◆ DATA SHOWN:
•••
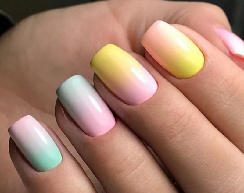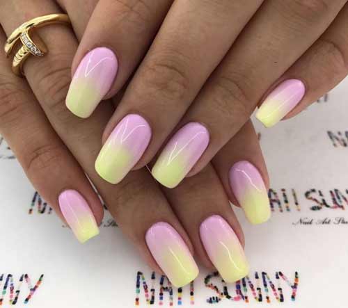 Pink pastel shades give femininity and tenderness to the bow. That is why one of the current options for the ombra this season is yellow-pink manicure. This combination may seem too bright and even flashy at first. But this ombre option in pastel colors looks very gentle and subtle. The pink shade will perfectly support the modern make-up of natural colors, and the yellow one will add a bright touch even to a business bow. A slight contrast of these color schemes will give an additional zest to the image.
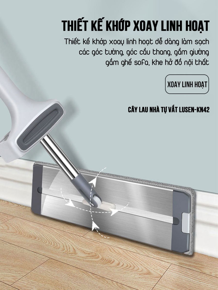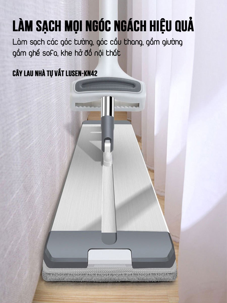 cây lau nhà tự vắt Lusen KN42, bộ lau nhà tách nước bẩn, cây lau nhà công nghiệp, cây lau sàn nhà
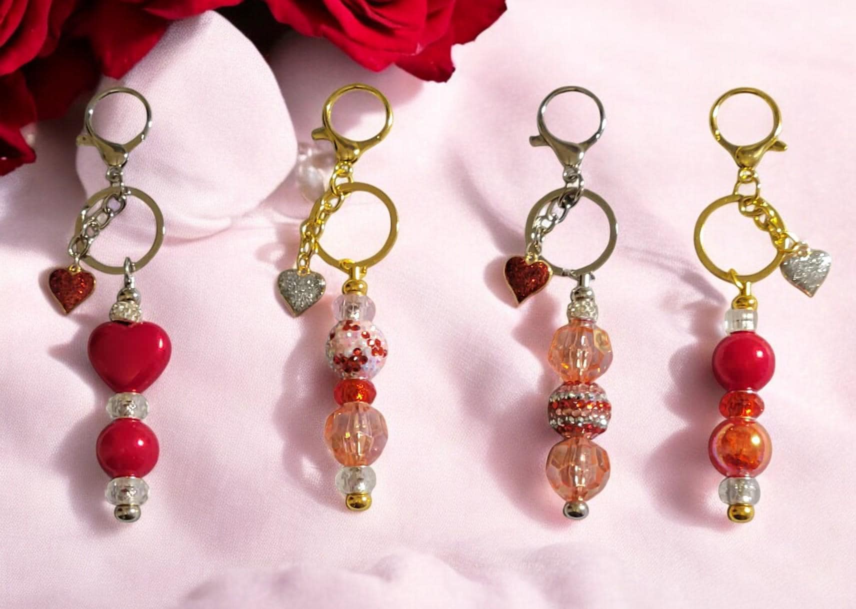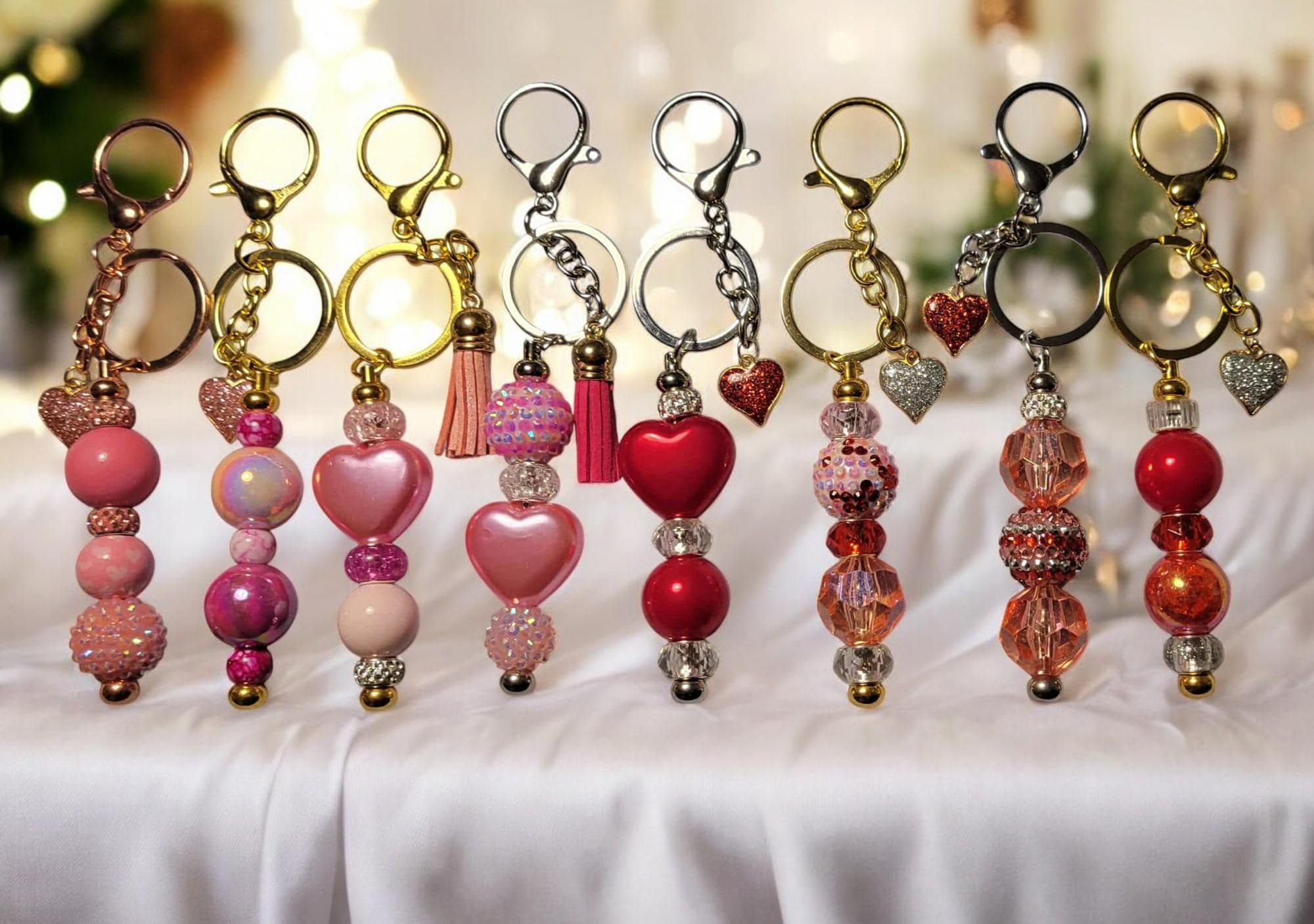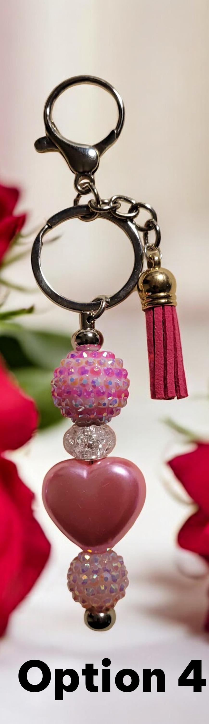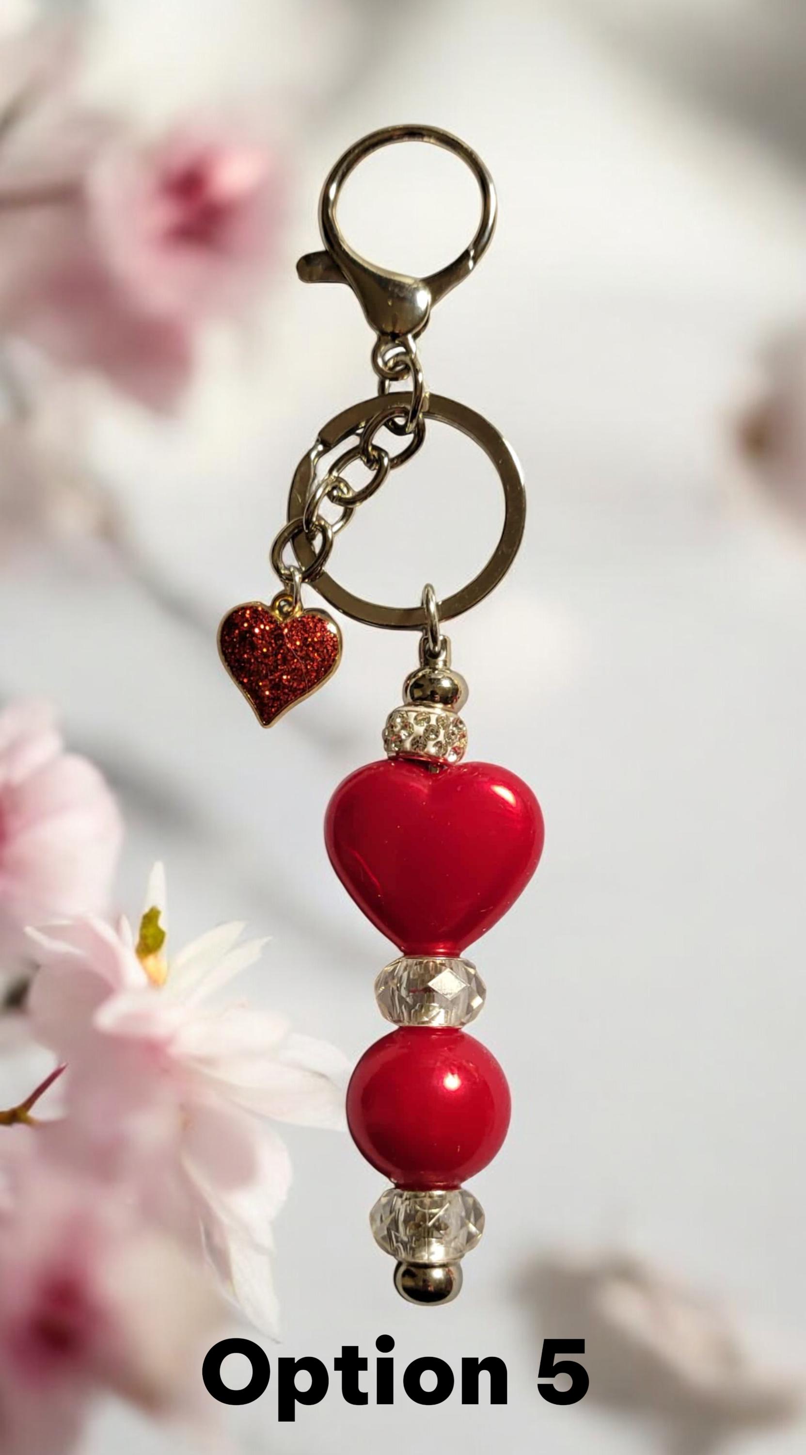 Valentine Beaded Keychains - These keychains are charming accessories that celebrate love. Crafted from a mix of acrylic, glass, wood, and rhinestone beads, they add sparkle and catch the eye. Whether clipped to a bag or attached to your keys, they bring a playful touch and a daily reminder that you are loved. All keychains measure approximately 5 3/4"x1".
•••
◆ HOW TO COMPLETE THIS TASK:
Each line above should be returned exactly as written, apart from any pictures.

◆ ANSWER BOX:
 Pink pastel shades give femininity and tenderness to the bow. That is why one of the current options for the ombra this season is yellow-pink manicure. This combination may seem too bright and even flashy at first. But this ombre option in pastel colors looks very gentle and subtle. The pink shade will perfectly support the modern make-up of natural colors, and the yellow one will add a bright touch even to a business bow. A slight contrast of these color schemes will give an additional zest to the image.
 cây lau nhà tự vắt Lusen KN42, bộ lau nhà tách nước bẩn, cây lau nhà công nghiệp, cây lau sàn nhà
 Valentine Beaded Keychains - These keychains are charming accessories that celebrate love. Crafted from a mix of acrylic, glass, wood, and rhinestone beads, they add sparkle and catch the eye. Whether clipped to a bag or attached to your keys, they bring a playful touch and a daily reminder that you are loved. All keychains measure approximately 5 3/4"x1".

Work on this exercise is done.